The mean of the monthly temperatures for New York City is 63 degrees.
The mean of the monthly temperatures for San Francisco is 64 degrees.

Exercise 2.
Recall that Robert is trying to decide where he wants to move. What is your advice to him based on comparing the means of the monthly temperatures of the two cities?
Since the means are almost the some, it looks like Robert could move to either city. Even though the question asks students to focus on the means, they might make a recommendation that takes variability into account.

For example, they might note that even though the means for the two cities are about the same, there are some much lower and much higher monthly temperatures for New York City and use this as a basis to suggest that Robert move to San Francisco.
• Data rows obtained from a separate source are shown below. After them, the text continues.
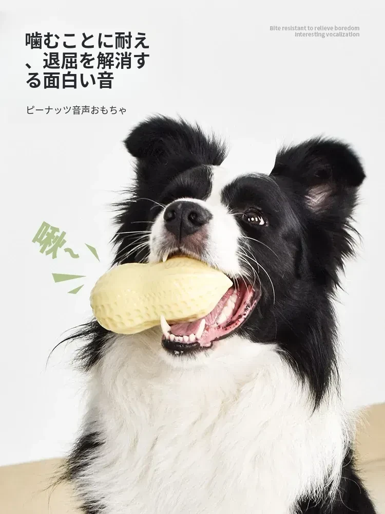 犬用おもちゃ 耐噛み・歯磨き・音が鳴るボール ピーナッツ型 ストレス解消に最適!子犬・コーギー・大型犬向け ペット用品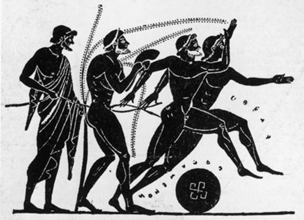 Pankration: combination of wrestling and boxing. Any maneuver was permissible except biting, gouging eyes, and hitting the genitals.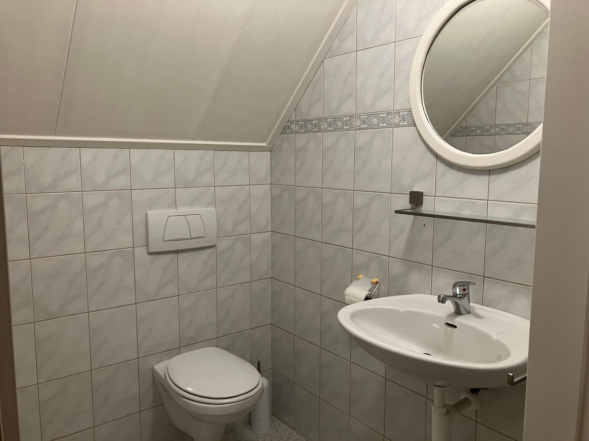 Badkamer is voorzien van douche, badkamermeubel met 2 kranen, toilet. Op de eerste etage is tevens een wasgelegenheid met eigen toilet

Example 2: Understanding Variability

Maybe Robert should look at how spread out the New York City monthly temperature data are from the mean of the New York City monthly temperatures and how spread out the San Francisco monthly temperature data are from the mean of the San Francisco monthly temperatures. To compare the variability of monthly temperatures between the two cities, it may be helpful to look at dot plots. The dot plots of the monthly temperature distributions for New York City and San Francisco follow.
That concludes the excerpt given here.